Annals of Pediatrics and Child Care
Medullary Ischemic Infarction in an Extreme Premature Newborn
Clara Schori-Fortier1, Corinne Boyer1, Etienne Berard1,2 and Sergio Eleni dit Trolli1*
1Neonatal Intensive Care Unit Archet II Hospital, Nice Universitary Hospital, Nice, France
2University of Nice, Nice, France
Corresponding author: Eleni dit Trolli S, Neonatal Intensive Care Unit, Nice Universitary Hospital Archet II, 151, Route de Saint Antoine de Ginestière, 06200 Nice, France, Tel: +33492036436.
Citation: Schori-Fortier C, Boyer C, Berard E, Eleni dit Trolli S (2019) Medullary Ischemic Infarction in an Extreme Premature Newborn. Ann Pediatr Child Care: APCC-100004.
Received Date: 20 March, 2019; Accepted Date: 11 April, 2019; Published Date: 24 April, 2019
Abstract
A neonate, born at 26 gestational weeks displayed an acute paralysis in his upper body and diaphragm. These symptoms are caused by a medullary infarction, a rare pathology in the premature newborn of undetermined cause.
Keywords: Flaccid paralysis; Ischemic stroke; Preterm; Thoracic spinal cord
Case Report
A premature newborn presented with a sudden acute flaccid paralysis of both arms and diaphragm at 22 days of life. He was born after a spontaneous uneventful bichorial biamniotic twin pregnancy, by cesarean section at 26 weeks of gestation in tertiary perinatal center in a context of premature rupture of the membranes and failure of tocolytic treatment. There was no consanguinity. He weighed 880 g and clinical examination, including neurologic exam, was normal. He was transferred in the NICU for a respiratory distress syndrome requiring double administration of exogenous surfactant and mechanical ventilation assistance. During the first three weeks of life, hemodynamic was stable. He remained under mechanical ventilation because of a patent ductus arteriosus unsuccessfully treated by two courses of Ibuprofen, and progressive evolution towards bronchopulmonary dysplasia. Cerebral ultra-sound performed at day 3, 7 and 21 of life was normal. Suddenly, at 22 days of life, he presented an are flexic flaccid paralysis of both arms and neck, disappearance of suction reflex with tongue fasciculations, and absence of spontaneous respiratory movement. Somesthesic sensibility of both arms was preserved, as well as spontaneous mobility of lower limbs.

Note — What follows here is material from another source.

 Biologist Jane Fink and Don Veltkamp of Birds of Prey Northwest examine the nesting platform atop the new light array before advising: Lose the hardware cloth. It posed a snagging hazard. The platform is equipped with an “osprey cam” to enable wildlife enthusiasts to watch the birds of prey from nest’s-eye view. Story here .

The next day, brain and medullary MRI scan showed a T1 hypersignal from the inferior extremity of the bulb to the thoracic spine, with an hemorrhagic transformation of an ischemic infarct in the anterior spinal artery territory (Figure 1 and Figure 2). Otherwise no lesion was found on the cerebral parenchyma. There was no coagulation disorder (prothrombin 91%, activating clotting time 1.13 and fibrinogen 4.13 g/L). The cause of this medullary infarction could not be determined. He died 4 days later from cardio-respiratory failure. His sister had an uneventful development.
To our knowledge, only 2 cases of infarction in low cervical spinal cord have been reported in term newborns. First child could not be weaned from the ventilator, and a tracheostomy was performed at 2 months old, he deceased at 5 months old. Second child was discharged from the hospital on nasal oxygen at 6 weeks complicated when 4 months old by an acute respiratory failure and he died just before 5 months old. The autopsy revealed lesions within the anterior and posterior spinal artery such as pseudo-calcification, peri-vascular fibrosis and sclerosis or an obliteration of specific vessels [1].

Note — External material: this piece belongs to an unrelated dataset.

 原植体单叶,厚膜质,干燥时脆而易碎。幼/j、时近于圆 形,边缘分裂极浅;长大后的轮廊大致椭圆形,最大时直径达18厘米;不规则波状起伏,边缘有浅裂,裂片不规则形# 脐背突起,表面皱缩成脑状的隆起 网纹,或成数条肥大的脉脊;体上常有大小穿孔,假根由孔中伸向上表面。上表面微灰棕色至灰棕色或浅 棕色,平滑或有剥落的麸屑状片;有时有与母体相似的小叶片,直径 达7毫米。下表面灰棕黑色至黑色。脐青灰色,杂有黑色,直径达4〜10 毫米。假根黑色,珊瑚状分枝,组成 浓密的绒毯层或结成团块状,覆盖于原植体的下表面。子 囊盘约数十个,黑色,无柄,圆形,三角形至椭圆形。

Some publications report on such pathology in other localisation but in the context of arterial hypotension [2], perinatal anoxo-ischemia [3]. In another case, lower medullar lumbar infarction was related to the use of umbilical arterial catheter and obstruction of the Adamkievicz’s artery [4]. In our observation, vascular steal in ascendant aorta caused by patent ductus arteriosus could be the cause of the medullary infarction.
This research provides a framework for the exploration of this rare lethal pathology in newborn. Medullary infarction must be considered when facing a flaccid paralysis of both arms associated with diaphragmatic paralysis. Such clinical presentation needs a cerebro-spinal MRI to exclude other treatable etiologies of spinal cord lesions.
Figure 1: Cerebro-spinal MRI (sagittal plan): T1 hyper signal of the inferior extremity of bulb to thoracic spine.
Figure 2: Cerebro-spinal MRI (transverse plane): T1 hyper signal of the bulb.
Citation: Schori-Fortier C, Boyer C, Berard E, Eleni dit Trolli S (2019) Medullary Ischemic Infarction in an Extreme Premature Newborn. Ann Pediatr Child Care: APCC-100004.